A Maryland school board barely passed a policy Wednesday where being honored as valedictorian and salutatorian will no longer be based on grades alone.
Anne Arundel County school board voted 5-4 to allow qualities like leadership and character as factors of consideration when deciding top honors, the Capital Gazette reported Thursday.
Students who complete seven semesters of high school and achieve summa cum laude recognition will be eligible to apply for the honors. The superintendent will decide who becomes valedictorian and salutatorian out of this select group. Class rank will not be calculated under the new policy, however.

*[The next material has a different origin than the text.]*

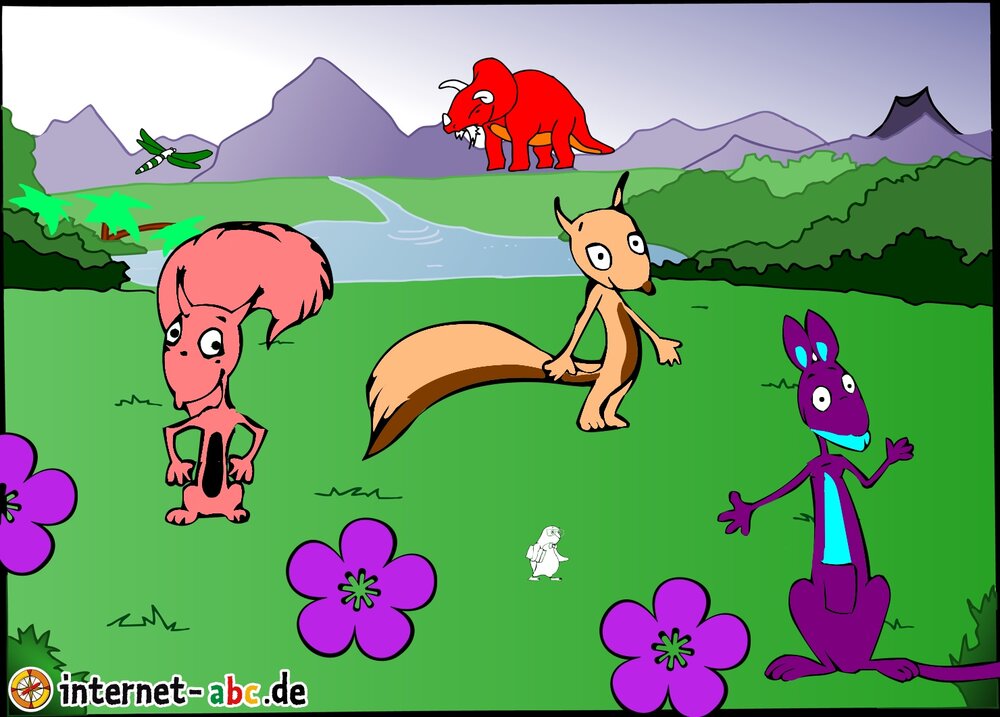Dinosaurier, Flugsaurier – wo sind Eddie, Jumpy, Flizzy und Percy da nur hingekommen? In eine Welt vor vielen Tausend Jahren? Oh je. Male ein spannendes Bild und schreibe etwas dazu!

Those in support of eliminating class rank want to either represent English as a Second Language (ESOL) and special education students who generally do not take honors and advanced placement classes or have students focus on interests rather than numbers, the Gazette reported.

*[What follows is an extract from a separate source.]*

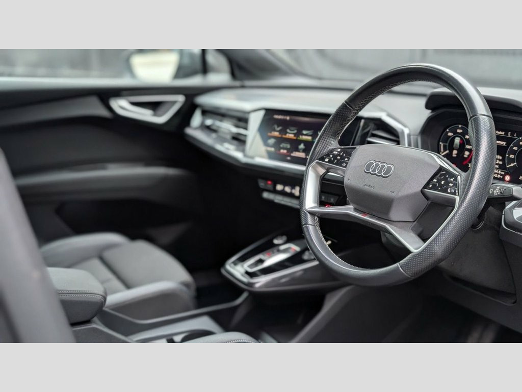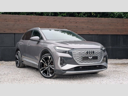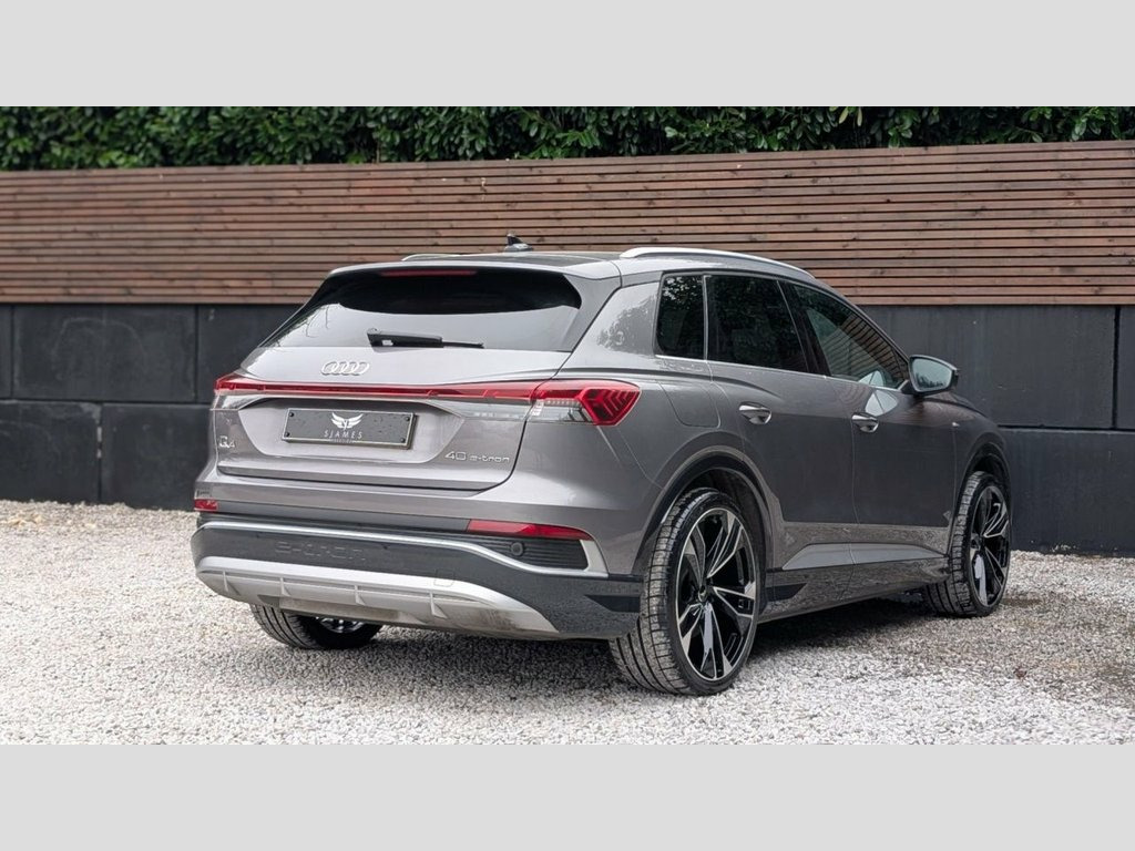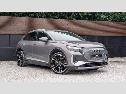 THIS STUNNING Q4 E-TRON 40 150KW 83KWH S LINE COMES WITH A GREAT SPEC INCLUDING - Grey Metallic - Half Leather Sport Seats In Black With Cloth Inserts - MMI Navigation Plus with an 11.6-inch touchscreen and Audi Virtual Cockpit (10.25-inch digital display) - Steering wheel: Twin-spoke leather-trimmed multifunction sports steering wheel - Apple CarPlay, Android Auto, and Bluetooth interface - Heated front seats and three-zone automatic climate control. - Privacy glass for the rear windows - Satellite navigation - Parking Sensors Front And Rear - Cruise control - LED headlights with daytime running lights - Led Rear Lights - Automatic transmission - Grade A Certificate On Battery Report. - OPTIONAL EXTRAS / UPGRADES AVAILABLE: - Optional brake calliper painting to a colour of your choice - Optional Debadge - Optional gloss black badges - Optional gloss black wing mirrors - Optional 3 year manufacturer equivalent warranty to purchase - Number of keys to be confirmed at the point of sale. ---------Electric vehicle range The range of an electric vehicle is the number of miles it can travel with a fully charged battery before needing to be recharged. This information is provided by the manufacturer. Whilst this information is useful, it's important to remember that there are several factors that can affect a vehicle's range. Some of the factors that can affect the range of an electric vehicle: Weather conditions, especially cold weather The vehicle load Usage 11 kW Onboard Charger, 135kW DC Charging Capability, 2 USB-C Ports with Charge and Data Funct, 20in Alloy Wheels - 5-Y-Spoke, 3-Zone Electronic Climate Control, 4-Way Electric Lumbar Support for Front , ABS - Anti-Lock Braking System, AC and DC Charging access Point on the R, Active Vehicle Alerting System - AVAS, Aluminium Look Interior Elements, Aluminium Roof Rails, Ambient Lighting Pack, Anti Theft Locking Wheel Bolts, Anti-Theft Alarm, Audi Connect Navigation and Infotainment, Audi Connect Safety and Service - e-call, Audi Drive Select, Audi Pre-Sense Front with Pedestrian and, Audi Smartphone Interface, Audi Sound System, Audi Virtual Cockpit - 10.25in Display, Auto Dimming and Framele

“Because they choose these programs or came into Maryland not speaking the language of English, they are told their education is not valued,” Board Vice President Josie Urrea said, according to the Gazette. “Because of that, they are hurt by class rank.”
Those against the elimination believed students would get the wrong message.
“Heck, why give grades at all?” board member Bob Leib said, the Gazette reported. “I’m convinced that competition is healthy, academic stress is meaningful, and course selection is a student’s choice and we should not criticize that choice.”
Board member Julie Hummer voted against the proposal thinking it would be too subjective, according to the Gazette.
The Daily Caller News Foundation asked every board member if the new policy could turn into a popularity contest.
“It does not need to be, nor should it be, a popularity contest,” board member Melissa Ellis said to the DCNF.
Ellis added that subjectivity exists in sports, college admissions, job applications and promotions, but wants the selection of valedictorian and salutatorian to be “as objective as possible.”
“This is in no way an ‘every child gets a trophy’ policy,” Ellis said.
Anne Arundel County Public Schools administrators are currently working on regulations to address the application process, board member Terry Gilleland told the DCNF.
The policy affects students entering the ninth grade in the 2021-2022 academic year.
Urrea, Hummer, Leib and board members Eric Grannon, Michelle Corkadel and Candace Antwine did not immediately respond to the DCNF’s request for comment.